Interrogating Nigeria’s constitution -By Lekan Sote

Filed under: Democracy & Governance |

Lekan Sote

The International Centre for Tax Research and Development, convened by Nike Babington-Ashaye, will likely turn out to be a pressure group poised to interrogate Nigeria’s constitution, and lobby the government for necessary constitutional changes.

But it will be doing this from the tax perspective. The thinking is that the taxpayers’ money will not work well under the current constitutional framework. As you know, some have rightly argued that if the bulk of the revenue of a government comes from tax, the citizens will get to control the government.

The group is asking, “What types of taxes should be collected from the citizens and corporate organisations? Who should collect the tax? How should the tax be collected? How often should the tax be collected? How should the tax be collected and accounted for? And on what should the tax be spent?”

Though the pressure group interrogates other aspects of the constitution, its focus is more on Chapter Two of the 1999 Constitution, known as the Fundamental Objectives and Directive Principles of State Policy. This segment of the constitution dwells on fundamental, and existentialist, obligations of the government to the citizens.

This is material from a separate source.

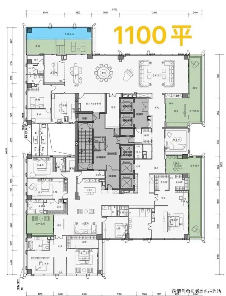 1️⃣500平 客厅约10米进深、开间12.5米,阳台开间约12.5米,5房(4套房)

This chapter enumerates the political, economic, social, educational, foreign policy, and environmental objectives of governance, which many think should be adopted as the manifesto of all political parties. But regrettably, these promises cannot be enforced by a court of law, because the constitution includes the caveat, “when practicable.” This irks not only the ICTRD.

There are many aspects of the constitution that are contradictory or inimical to the well-being of Nigerians. And state actors in the three arms of the government that acknowledge that they were elected or appointed to serve the interest of Nigerians must buy into expunging them.

The most fundamental flaw of the constitution is that the federal system is actually a unitary system that concentrates immense powers and resources on the Federal Government, at the expense of the state and local governments that are closer to the people. With this system, the state is suspended like stalactite above the political realm.

Many have wondered aloud why fiscal federalism cannot be defined so that states and their citizens can have the rights to exploit the agricultural, mineral, and industrial resources within their borders. All they will then have to do is to make due remittances to the Federal Government.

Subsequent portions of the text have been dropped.